FIG. 1 is a front view illustrating a golf club head according to an embodiment.

FIG. 2 is a sectional view thereof.

FIG. 3 is a diagram illustrating a central area of a face surface.

FIG. 4 is a conceptual diagram illustrating a method of forming a rough surface portion.

5A to 5C are front views of a head illustrating another shape of the rough surface portion.
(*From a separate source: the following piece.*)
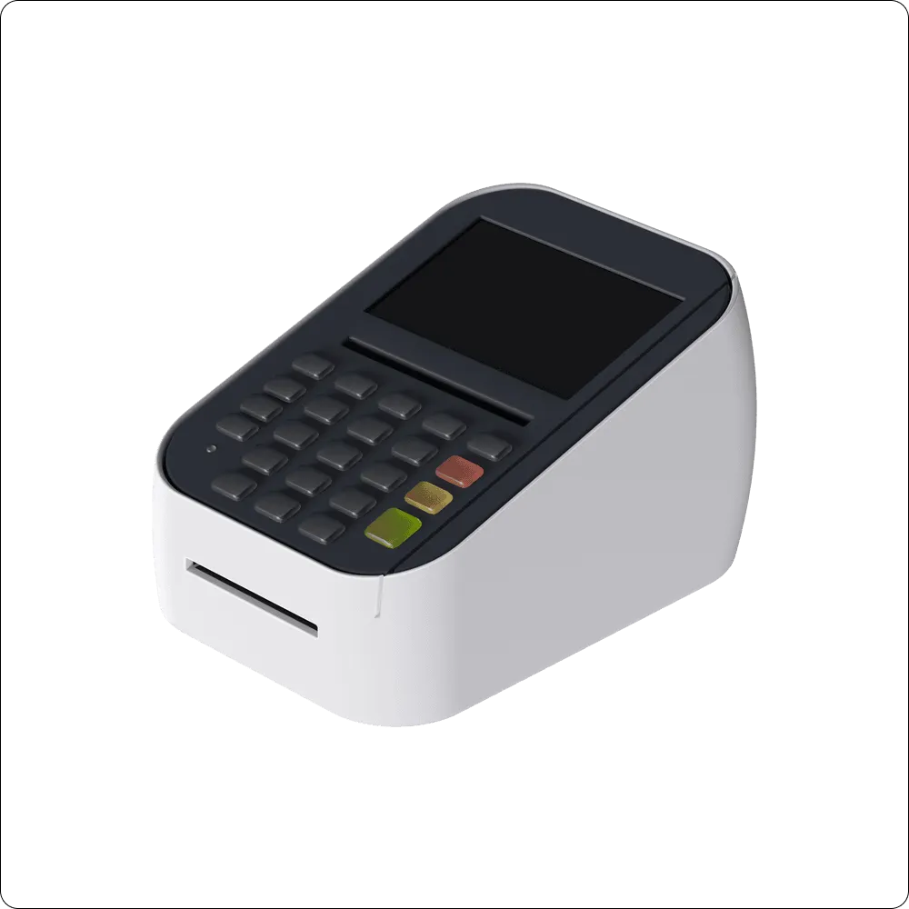 토스 프론트2는 C타입 일체형 전원 코드를 제공해드려요. 전원 버튼은 단말기 뒷 부분에 있어요.

FIGS. 6A to 6C are front views of a head illustrating another shape of the rough surface portion.

[Explanation of symbols]

 DESCRIPTION OF SYMBOLS 1 Golf club head 2 Head main body 3 Face member 4 Rough surface part C Face surface central area F Face surface Fa Amorphous face surface S Abrasive grains

Claims (6)

[Claims] 1. A golf club head having an amorphous face made of an amorphous alloy formed on a face hitting a ball, wherein at least a part of the amorphous face has a ten-point average roughness. A golf club head having a rough surface portion with Rz of 5 to 50 μm. 2. A rough surface portion is located in a center area of a face surface surrounded by an intermediate point of each distance from a face center point intersecting the face surface with a perpendicular line drawn from the center of gravity of the head to the face surface to a peripheral edge of the face. The golf club head according to claim 1, wherein the golf club head is formed. 3. A score line is not formed at least in the center area of the face surface.
The golf club head as described. 4. A ratio (S1 / S2) of a total area S1 of the rough surface portion to a total area S2 of the face surface is 0.01 to 0.8.
The golf club head according to any one of claims 1 to 3, wherein 5. The rough surface portion has a width of 0.3 to 3 mm and a length of 5.0 mm or more, extends in the width direction of the face surface, and has a width of 5.0 to 7.0 mm in the face height direction. The golf club head according to any one of claims 1 to 4, wherein the golf club head has a linear shape separated from the face surface at a pitch. 6. The golf club head according to claim 1, wherein the rough surface portion is formed by colliding abrasive grains with the amorphous face surface.